He's still swimming around a bunch though.


----------



## pdfCrazy (Feb 28, 2012)

I bought some benedicta tads months ago, much older than this. One bloated up like a balloon 1/2 way through, I thought he was a gonner for sure. He morphed out about 10-12 days ago just fine. I did lose one though. That one had a belly in his abdomena and was floating upside down, couldnt eat. I "think" this bloatign liek this has somethign to do with osmotic pressure, but I'm not sure. Are you using RO water, or tap?


----------



## whitethumb (Feb 5, 2011)

maybe someone can shed light as to what is going on. i hope the tad pulls through. i did notice the tads start out a real light color and as they age the darken up.


----------



## Whitneyd88 (Nov 12, 2011)

pdfCrazy said:


> I bought some benedicta tads months ago, much older than this. One bloated up like a balloon 1/2 way through, I thought he was a gonner for sure. He morphed out about 10-12 days ago just fine. I did lose one though. That one had a belly in his abdomena and was floating upside down, couldnt eat. I "think" this bloatign liek this has somethign to do with osmotic pressure, but I'm not sure. Are you using RO water, or tap?

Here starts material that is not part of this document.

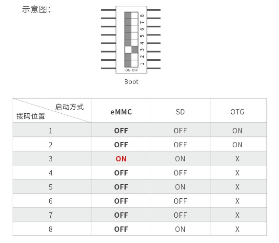 1、首先要確認啟動方式。選擇從eMMC啟動,將開發(fā)板撥碼開關(guān)撥到序號3為ON;其余為OFF。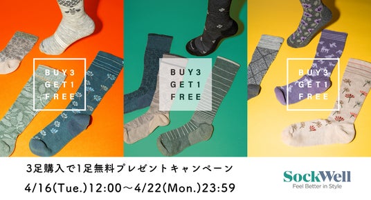 weskiii(ウェスキー)株式会社(本社:東京都港区 https://weskiii.com/ )が運営するセルフケアソックスブランド「Sockwell(ソックウェル)」から、日頃の感謝を込めて4/16(火)~22(月)までの期間中、ソックウェル公式サイトで4足分カートに追加して購入した方を対象に、1足分無料となる「BUY3 GET1 FREE!!キャンペーン」を行います。

I'm using RO water with Indian almond leaves


----------



## pdfCrazy (Feb 28, 2012)

And did you use RO water on the eggs while they were developing? If not, going from a hard tap water while the eggs are developing to RO water when they hatch can cause osmotic differences which might explain the bloating. Bacterial infection is also a possibility.


----------



## Peter Keane (Jun 11, 2005)

We used to see this type bloating back in the early 80's when we were trying to get several species of dart frog established in this fledgling, specialized hobby. It was narrowed down by Dr. Dale Bertram to be the use of distilled water. Once this was discontinued and the start of 'tadpole tea' used with Eastern oak leaves boiled in rain water, the morph rate tripled almost instantly. My guess would be the water as well. 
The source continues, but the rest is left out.